I have read in magazines that everyone has the right to go and find themselves, do your own thing, they say. I tried talking to Clay about this when we stopped for lunch today, but Kelly was mad at the world because Peck wasn't the one bringing her to the game. She was just ugly—not a good way to start out my new life, but I didn't care. I ignored her, ate my Hardee's hamburger, and told Clay that today was the first day of the rest of my life. I said, “I feel like Jonathan Livingston Seagull.”
Kelly looked up from her meal then, said, “Momma, seagulls are dumb birds. All they eat is other people's trash.”
Jonathan Livingston Seagull was an assigned book from Kelly's high school English class, so I know she read it. I know she doesn't think that about Jonathan because she's the one who told me to read it. Right then she was just so angry at me. I told her to shut up, said, “You know what I mean.” Clay sat there with the dumbest look on his face. A fireman like Peck, I don't think he's read a thing since college, unless it had something to do with smoke and flames. “I feel free,” I said, looking at both of them. “I just feel free, that's all I was trying to say.”

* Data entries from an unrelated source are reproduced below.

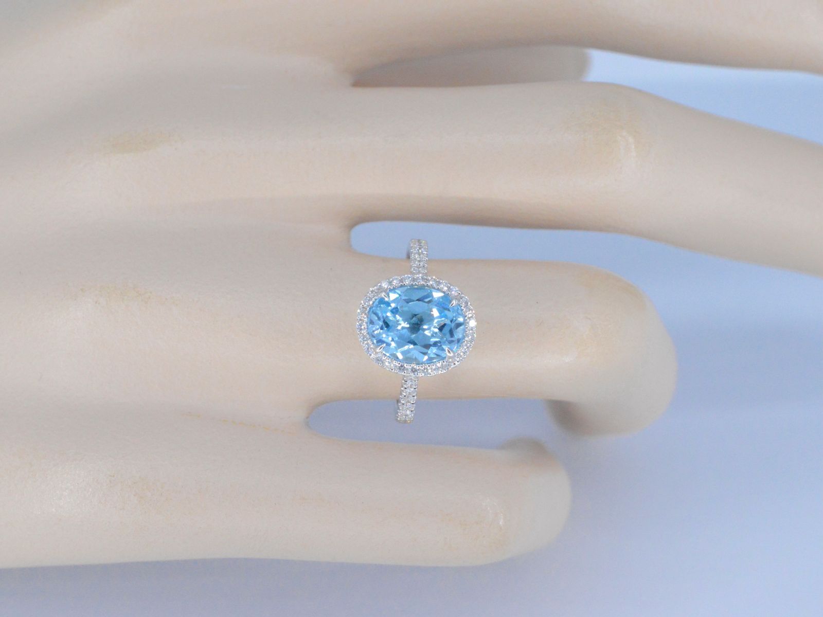 White gold entourage ring with oval cut topaz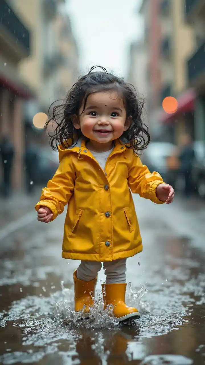 Bayangkan seorang gadis kecil berambut hitam, mengenakan jas hujan kuning dan sepatu bot, memercikkan genangan air di jalan-jalan kota. Hujan turun dengan lembut di sampingnya, dan ekspresi kegembiraannya mencerminkan kecintaannya pada petualangan di hari hujan.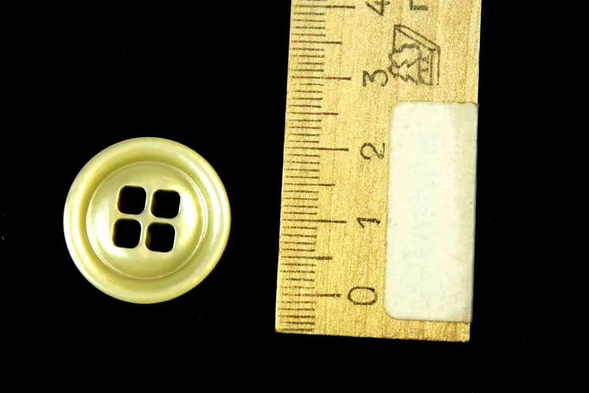 Пуговица пластмассовая, четыре прокола, бежевый перламутр, диаметр 23 мм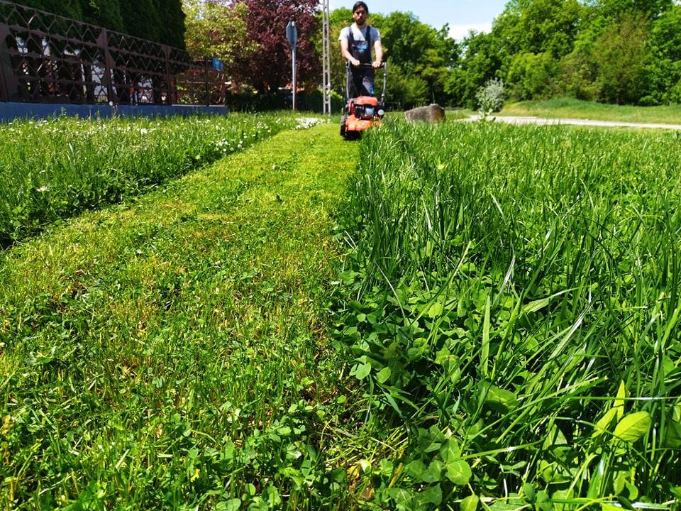 - Ipari, benzinmotoros fűnyíróink vannak és nemrég szereztük be a fűnyíró traktort. Külön gépet használunk a pázsiton, és egy másikkal vágjuk a füvet. A derékig, vagy még magasabb gazos területeken pedig bevetjük a fűkaszát és a traktort. Nemrég olyan helyre hívtak minket, ahol magasabb volt a növényzet, mint én, ráadásul csalánról volt szó. A gyep karbantartására is megvannak a megfelelő eszközeik, így ha kell, profi módon tudják a gyepszellőztetést kivitelezni.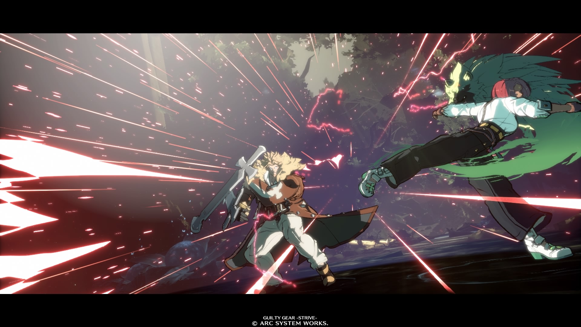 The return of the tension gauge and the abilities it enables encourages a faster paced game, since it charges when the player plays offensively and utilizes what the game sees as aggressive moves. High jumps, double jumps, and aerial dashes, all a cinch to execute, get the game off the ground and thrust dodging, distance management, and aesthetic into the spotlight of every match. There’s a playfulness to utilizing these techniques. Strategies, like baiting attacks, are introduced to the player intuitively without a need for explicit lessons. It’s refreshing to get into the mind game aspect of a fighting game this early on. It’s even more refreshing that most people I played against were also embracing that. The characters in Guilty Gear Strive are important to the atmosphere, too. The speed of the game and a few novel twists distinguish them from their archetypes. Leo Whitefang, for example, vaguely reminded me of Guile from Street Fighter at first, but I soon felt that theme song notwithstanding, Guile from Street Fighter is a boring version of Leo Whitefang.

I watch seagulls differently now, the way they float out on a breeze, cut loose, free. No limits, Jonathan, that's what the book said. I don't want limits either, no matter how mad Kelly gets at me.
She's on the mound when a gust of hot wind gets itself tangled up on the infield, the sand and shell surface whipping up into a small tornado. The girls cover their faces with gloves, arms over eyes until it passes, leaving the air dusty and parched.